I write a lot of guitar tabs for my personal projects, and I wrote a few tabs for some Mejibray, Deviloof, and Arlequin songs a while ago, just for fun. I might start doing that again, upload them to Ultimate Guitar, and maybe post them here for anyone who’s interested, and also maybe to get a list of songs that haven’t really been tabbed out yet. I still haven’t found proper tabs for Anata no Tame no Koni Inochi by The GazettE yet, so that might be my next project.
woahhh okay, I do like Nightmare so I’ll def try to keep trying to play their songs and I’ll def try to play buck-tick
Guitarist who plays in 2 bands here!
- Practice, practice, practice
- Make sure you’re learning and playing songs you usually also like and listen to. This helps with motivation and the joy of playing and progressing.
- I personally learned most through Songsterr and live dvds
- Uruha from gazette taught me almost everything I know today
- At the start, tabs felt so overwhelming because, as you yourself said, you can’t really follow the more complex parts.
- Solution to that is to stick with what you can and slowly build up. You don’t need to know every lead-part of a song, focus on rhythm to begin with
- You got this!
I desperately need tabs for 貴方ノ為ノ此ノ命
It’s been driving me nuts for years but I can’t seem to figure it out by ear
Them and the GazettE. I learned a lot of interesting metal and “VK chords” from them.
THIS. Luke & I learned A LOT from *just* the GazettE alone. Loads of hours going over inverted chords, tri-tone panic chords, and guitar cabs/heads/effects/tones.
idk how I missed this
Honestly, pick a band whose guitar work you REALLY love (for me, JDA, the GazettE, girugamesh), and start working toward some of your favorite songs.
PRACTICE.
I’ve fallen out of practice because I’ve been busy with life and projects, but I cant stress this enough. Expect to suck for a while. Try to learn songs whole, not just the riffs or solos.
I recommend JustinGuitar to solidify the basics and learn some music theory. You’ll need a slight baseline of workable theory to start with vkei and JRock. (mostly scales and triads. You can build knowledge of the fretboard with those alone.) Once you listen to more music, you’ll start noticing patterns, chords and scale usage across songs.

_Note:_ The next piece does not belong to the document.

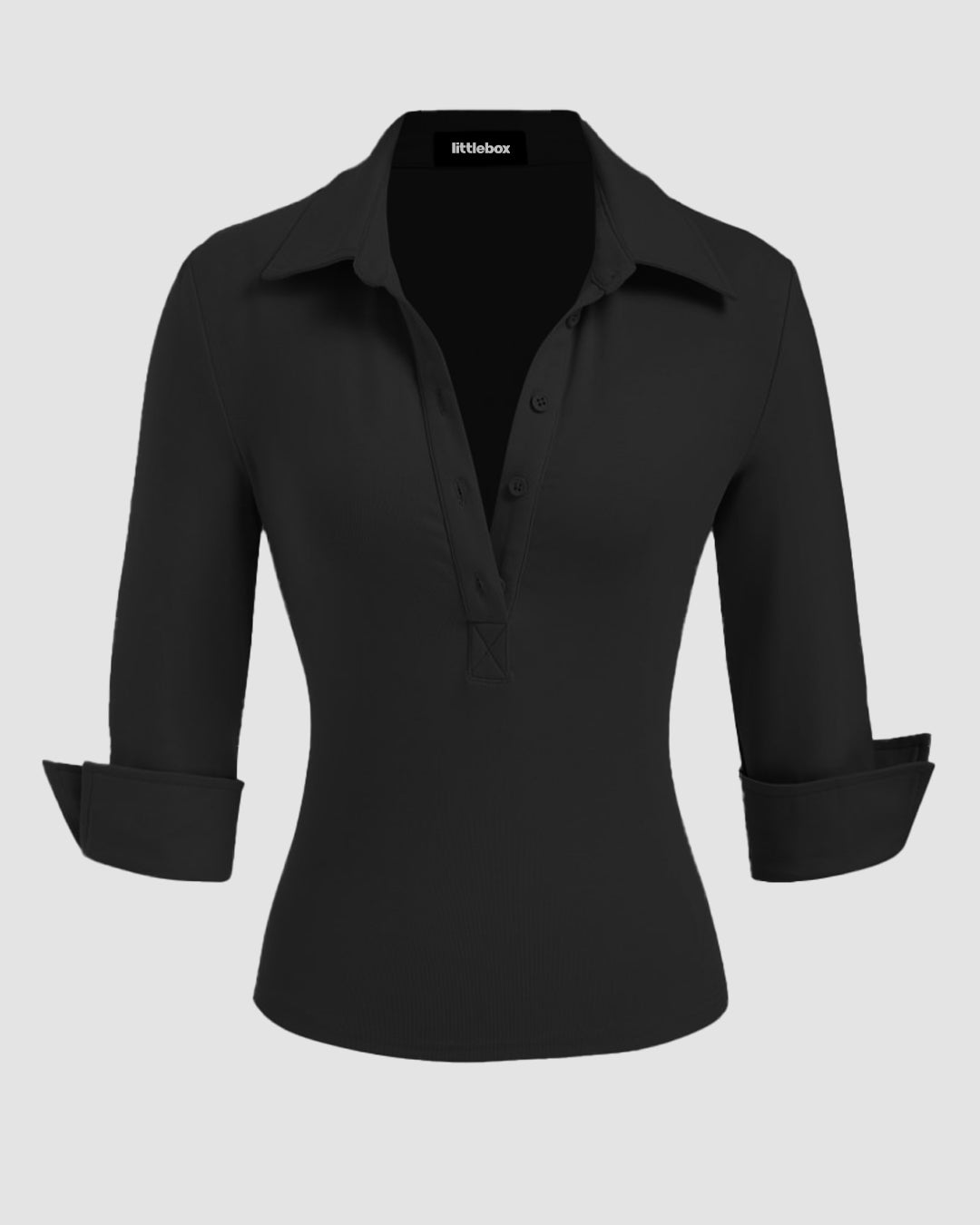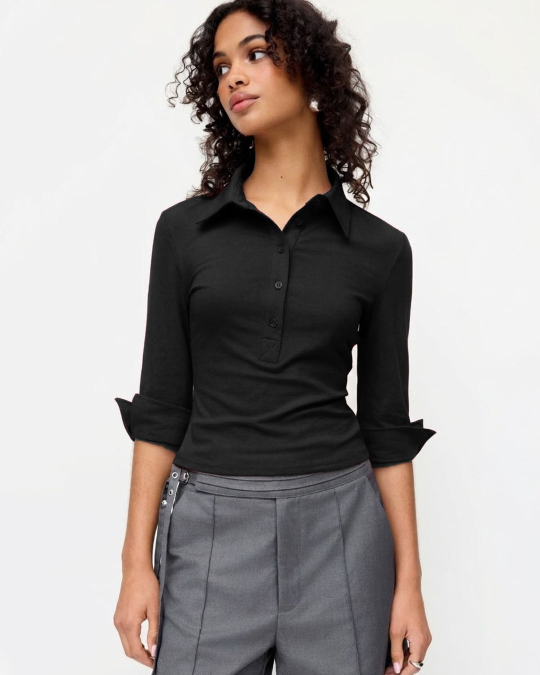 Collar Button-Front Mid Sleeve Top in Black

For example, the Royal Road Progression is EVERYWHERE in Japanese music. IV - V - iii - i. https://m.youtube.com/watch?v=6aezSL_GvZA Once you hear it, you can’t unhear it. There’s a lot of jazz chords and progressions off in there too, like 7th chords. But, there’s a lot of easy songs that just use the Pentatonic/Blues scale, too.
Build a compendium of songs and make it the bulk your practice session. Don’t be afraid to switch out a song if it’s too hard. I’ve had songs I was absolutely stale hot dog water at for a month. I go and practice another song that’s difficult in a different way, and suddenly that original song is easy!
If you ever need suggestions, there are some honestly cool and knowledgeable people on this forum (myself included) that’d love to help.